The feeling that all outcomes are equal is a little foreign to me. I usually tend to be overly attached to everything, but more often it's situations and beliefs that I have a hard time recalibrating, rather than dealing with material attachments.
As a child, my mom (an Aquarius) wanted to impress upon me the value in not getting one's hopes too high, because of the risk of vast disappoint. The lesson never really stuck; I always go into things headlong and sometimes excessively (and all the while claiming to be a moderate!), and then I try and console myself when it all tumbles by saying that it just can't be avoided.
But when things really are going well, how do you take that? Cautiously? Or do you revel in it, soak it all up?

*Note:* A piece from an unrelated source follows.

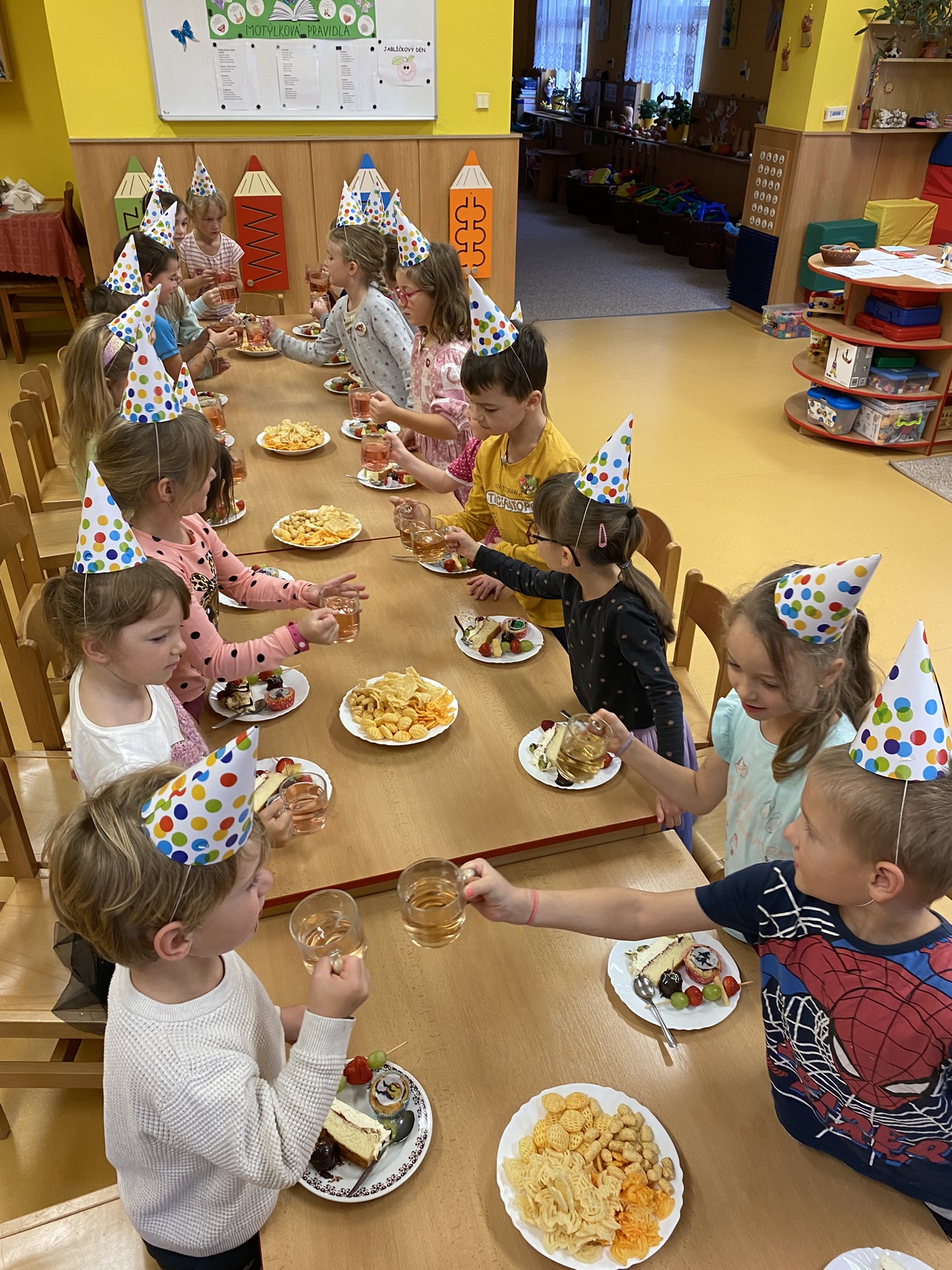 Páteční celý den se nesl v duchu oslav a veselí. V MOTÝLKÁCH proběhla druhá velká narozeninová oslava našich 6 oslavenců.

And things are good right now. Just good, good, good.
It is a miracle, but economically, I've seen my balances and I know I can handle all of these school expenses (paying for a few tests, applications, and my grad fees), I can handle our upcoming move (whether in town or out of town, is yet to be seen, but there is a move coming either way), I can even handle NOT getting the internship (plus stipend), if that's how it all plays out. I'd rather get it than not, but I'll BE OK either way.
Seriously, though, I'd like input on how you feel when life is (suspiciously) great... do you take that as an indicator of being on the right path? or do you think everything seemingly lined up can be just a fluke?